Let $M$ be a smooth manifold and $\Delta_M=\{(p,p)\,\vert\, p\in M\}$ be the diagonal of $M$. Then $\Delta_M$ is a submanifold of $M\times M$.
I have proved this by showing that $\mathscr{i}:M\to M\times M,\, \mathscr{i}(p)=(p,p)$ is an embedding. Otherwise it also shouldn't be difficult to show that it has the submanifold property (i.e. we have adapted coordinates at every point). However, I came across a different argument:
For $(\varphi,V)$ chart around $p\in M$ consider $f:V\times V \to \mathbb{R}^n,\,f(p,p')=\varphi(p)-\varphi(p')$ which is a submersion. Locally we then have $\Delta_M=f^{-1}(0)$ and consequently it's a submanifold of $M\times M$.

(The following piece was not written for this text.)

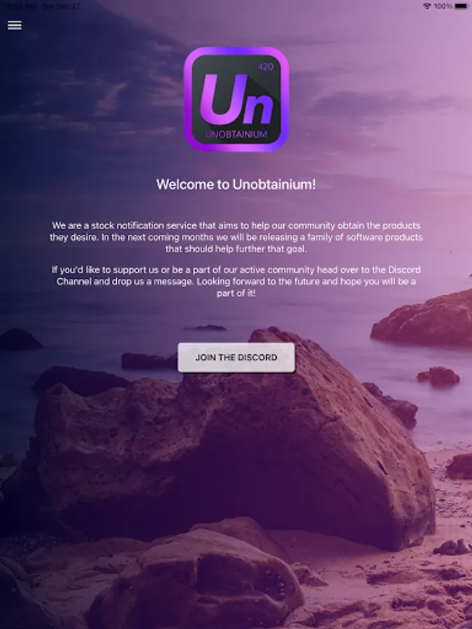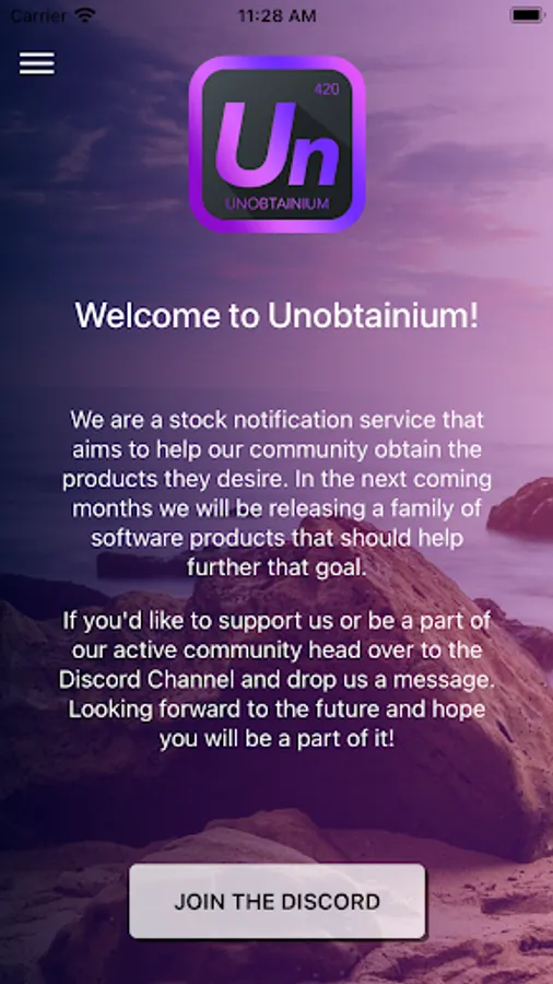 Welcome to Unobtainium! We are a stock notification service that aims to help our community obtain the products they desire. In the next coming months, we will be releasing a family of software products that should help further that goal. If you'd like to support us or be a part of our active community head over to the Discord Channel and drop us a message. Looking forward to the future and hope you will be a part of it!

I know for a smooth map between manifolds $f:N\to M$ with constant rank on $N$ that $f^{-1}(q)$ is a closed submanifold of $M$, but I haven't figured out how this above condition is compatible. [I suspect that the argument isn't too complicated]
This is quite reminiscent of the definition of submanifolds in $\mathbb{R}^n$ and that's what leads me to believe that we have this local zero set description for submanifolds in a general way. So my question is actually more general.